The Student News Site of Tarrant County College

The Collegian

The Student News Site of Tarrant County College

The Collegian

The Student News Site of Tarrant County College

The Collegian

Opinion-Garage idea worth close look

Illustration by Daniel Worthington
Illustration by Daniel Worthington

During a recent work session, the board of trustees discussed building parking garages on all campuses to accommodate a shortage of available parking.

The number of students enrolled this semester is 44,345 while the number of parking spots is only 11,333, which is a ratio of about four students to one parking spot.

This problem needs to be solved.

When the board of trustees met in the workshop, David Wells, vice chancellor of operations and planning services, presented ideas for parking solutions. He told the board that either structures need to be built or more land needs to be purchased and pavement lots put in place.

When Wells came forward with the presentation, he did not specify which idea would be better. He merely gave the board possibilities to consider. He said that during the next year students and faculty will be asked to identify and discuss issues and possible solutions.

When the board meets again to discuss the parking issues, Wells will make a recommendation of what needs to be done, and the board can make a decision.

If parking garages are built, cost estimates range from $13.5 million to $19.5 million, depending on the type of structure.

Although garages are more expensive than paved lots, they provide more parking in less space. And, for the most part, the district could use land it already owns. 
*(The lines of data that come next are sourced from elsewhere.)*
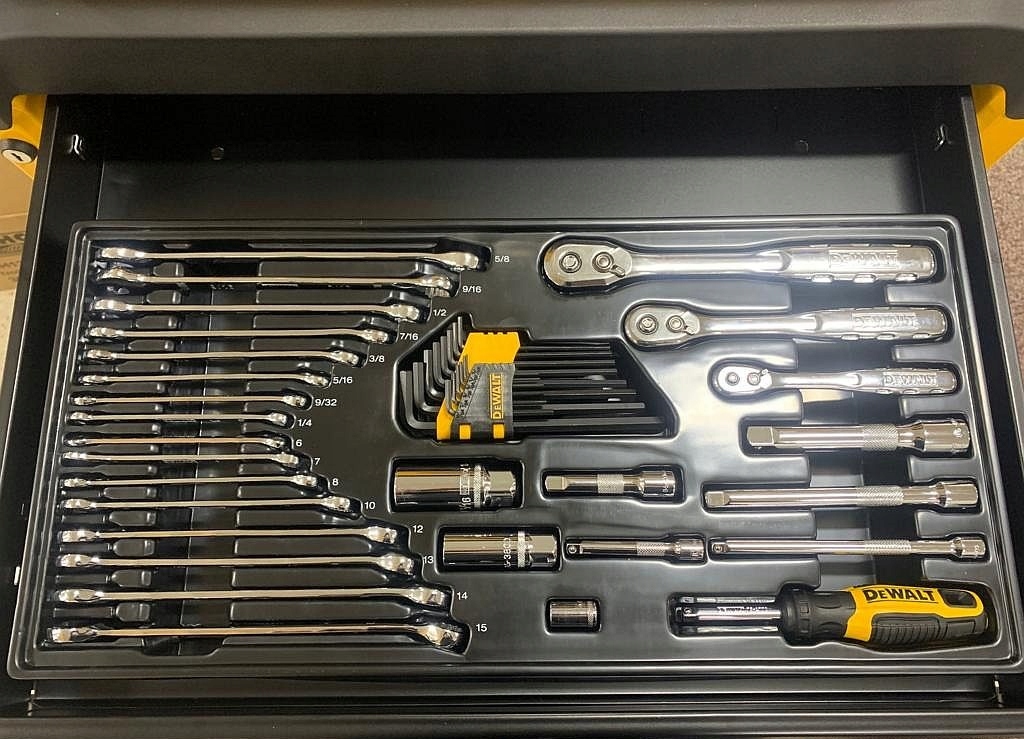 Пять закрытых ящиков вмещают 341 деталь, включая наборы торцевых ключей 1/4", 3/8", 1/2 дюйма и других инструментов. Другими словами, все, что вам нужно для DIY в вашей мастерской или гараже!
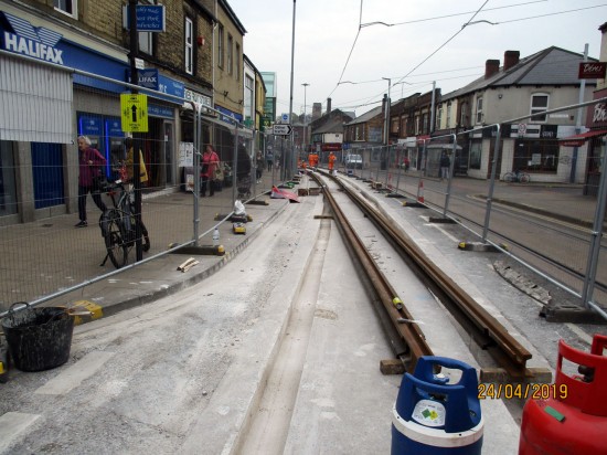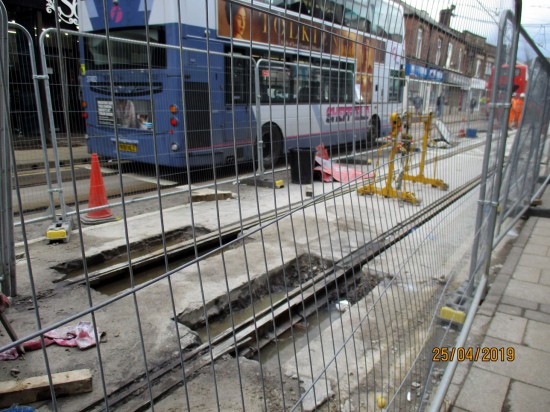 Taken through the windscreen of a tram the limit of tram operations on 22nd April is seen here with the worksite immediately ahead.
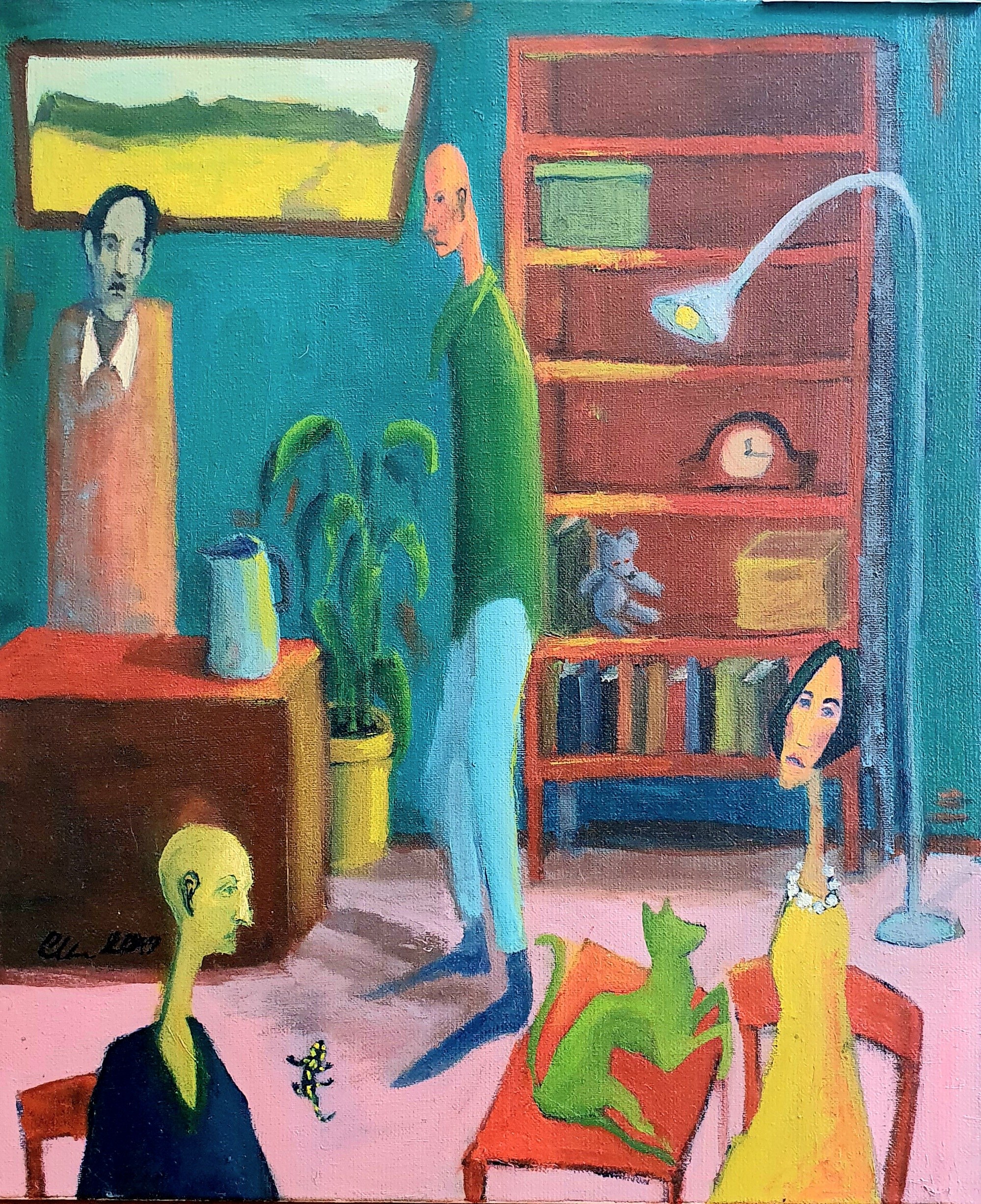 sygn. l.d.; na odwrocie: Aleksandra Woźniak/ „Jaszczurka też jest u siebie”/ olej na płótnie/ Kraków 2019

Though that is a large amount of money, if TCC decides to construct more parking lots instead of garages, more problems could arise later.  As the enrollment number continues to climb, students will need not only somewhere to park but additional classrooms to house the increase.

If garages were built, TCC would not have to locate more land for future buildings but could build on current parking lots or adjacent land.

Also if garages are not built, students could find themselves with harsher problems than exist today. After heavy rains last month, NE Campus students were parking in the mud. Near SE Campus, an adjacent church recently put up a “towing enforced” sign to prevent students parking there.

If Board members opt to purchase more land and construct more pavement parking lots, they could still run into money problems in the future as the cost of land, materials and labor would increase.

New pavement lots built to fix the current problem could end up being a short-term solution.

Ultimately, it’s up to the board to determine the best value. But, let’s face it. Miles of pavement are not as aesthetically pleasing as a building.

TCC may just have to pave paradise and put up some parking garages.